—Además, están fuera de moda, señores. Los esquizos de hoy, por lo menos en el primer mundo, se creen faxes, computadoras y teléfonos celulares. Lo de ustedes es decididamente anticuado —subrayó con desprecio. Estaba usando la táctica de mostrar a sus locos lo ridículas que eran sus actitudes.
—Pueden sentarse. Se van a cansar de estar ahí, tan tiesos —él tomó asiento pero nadie siguió su ejemplo—. Yo tengo todo el tiempo del mundo; como sabrán, yo vivo en este consultorio. No tengo que ir a ningún lado —el siquiatra estaba orgulloso de su dedicación casi permanente a la profesión—. La gente viene a verme a mí. Lo de ustedes es distinto. Tendrán que volver a sus casas; hay gente que los está esperando y se va a preocupar. ¿No les importa que su familia se preocupe?
—...
—Díganme una cosa: ¿por qué no quieren hablar? Claro, ya entiendo; para contarme por qué no quieren hablar, tendrían que hablar, ¿no es cierto? Bueno, no hablen entonces, pero explíquenme con señas. Hagan mímica, yo los voy a comprender. No tengan miedo. Pueden confiar en mí —agregó el siquiatra, dándose cuenta de que la táctica de ridiculizar a sus oponentes no era productiva y que era preferible ofrecerles seguridad, amistad, confianza.
—Quisiera que fuésemos amigos, que nuestra relación fuese distinta. Y para eso es necesario que ustedes digan algo. ¿Quieren que seamos amigos?
Ninguno de los cinco se dignó siquiera a mirarlo de reojo.
—Si quieren que seamos enemigos, también podemos serlo. No es lo que yo preferiría, pero si es el deseo de ustedes, no hay problema. ¿Alguien tiene ganas de gritarme lo que siente por mí, de arrojarme algún objeto, de pegarme, o incluso de matarme...? No tengan miedo...
El mutismo se mantenía y el siquiatra comenzaba a impacientarse. Pero él sabía cómo hacer que alguno de los cinco (o los cinco, con suerte) hablara o se moviera y, de ese modo, iniciara su propio derrumbe. En cuanto la lámpara o el secarropa dijeran una sola palabra, ya sería fácil demostrarles que no eran tales objetos, puesto que tales objetos no hablan. En cuanto el banco hiciese un gesto, sucedería lo mismo, ya que los bancos no gesticulan. De paso, el médico develaría la incógnita que desde hacía un tiempo lo tenía bastante apesadumbrado: ¿qué clase de banco era el "señor banco": una entidad crediticia, un sitio para apoyar el trasero o un montículo de arena?
La táctica de la amenaza y la agresión, aunque un recurso extremo, era infalible en estos casos. —No sé ustedes, pero yo empiezo a cansarme de este juego infantil. ¿Saben lo que voy a hacer? Me voy a tomar unos mates.
—Señor pava, permítame —dijo el siquiatra tomando al "señor pava" del cogote y llevándolo hasta una canilla. Le echó agua, lo sentó sobre la única ornalla del calentador portátil, que estaba en un rincón de la habitación, y prendió el artefacto. El "señor pava" comenzó a quemarse. Sin embargo, permanecía impasible. El siquiatra no se alarmó. Se había enfrentado con numerosos casos extremos en su larga carrera profesional y éste sólo era uno más.
—Les advierto que cuando el agua esté bien caliente, me voy a tomar los mates yo solo, y además los voy a salpicar. Así que les conviene ir aflojando la lengua y las articulaciones.

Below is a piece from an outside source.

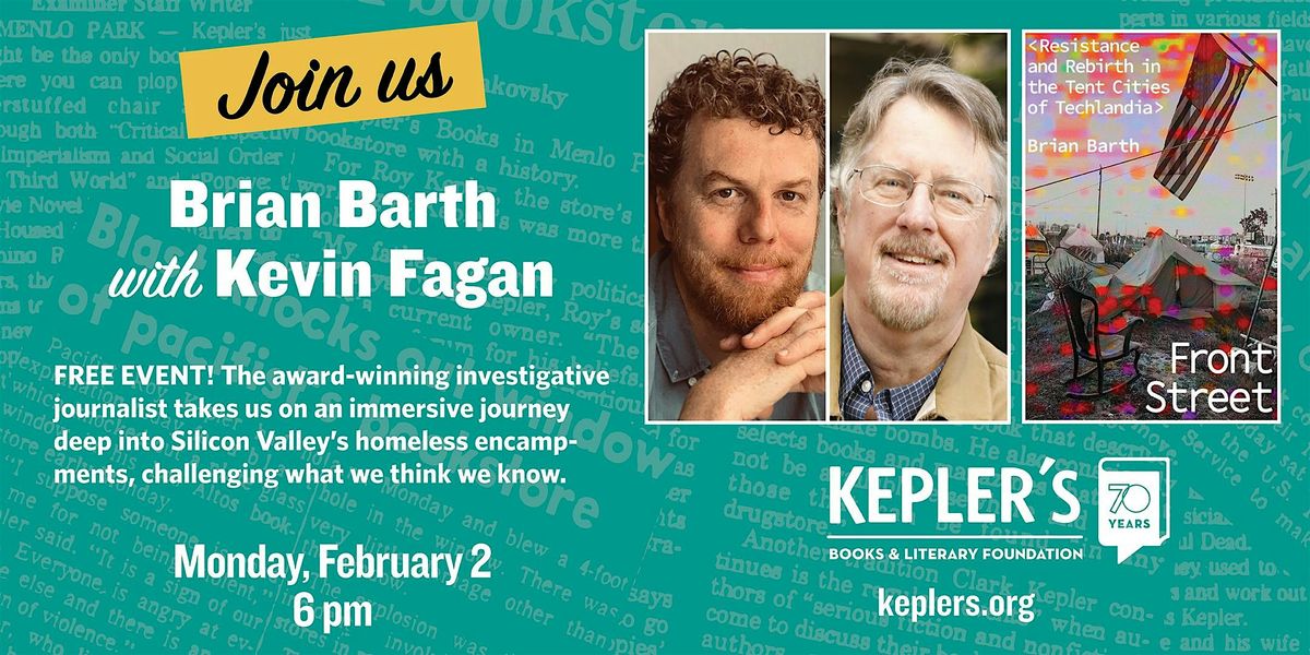 Award-winning investigative journalist Brian Barth joins us to discuss Front Street: Resistance and Rebirth in the Tent Cities of Techlandia. Challenging everything we thought we knew about our unhoused neighbors Front Street takes us on an immersive journey deep into Silicon Valley’s homeless encampments. Brian will be joined in conversation with San Francisco Chronicle reporter Kevin Fagan.

Miró a los cinco de soslayo. La respuesta continuó siendo la total indiferencia. El siquiatra se sintió desconcertado. Decidió tomarse el asunto con filosofía y, cuando el agua estuvo a punto, apagó el fuego, se reclinó en su mullido sillón de doctor, se puso a tararear una cancioncita alegre, se tomó unos mates bien amargos y se rió un rato. Se rió a carcajadas mientras les arrojaba con la cucharita de la yerba el líquido casi hirviendo en la cara a la escoba, la lámpara, el secarropa y el banco.
Cuando empezó a oscurecer, prendió la lámpara. Luego hizo un depósito, barrió el consultorio y secó un calzoncillo. Estaba contento. Sin poner un peso había aumentado considerablemente el confort del lugar.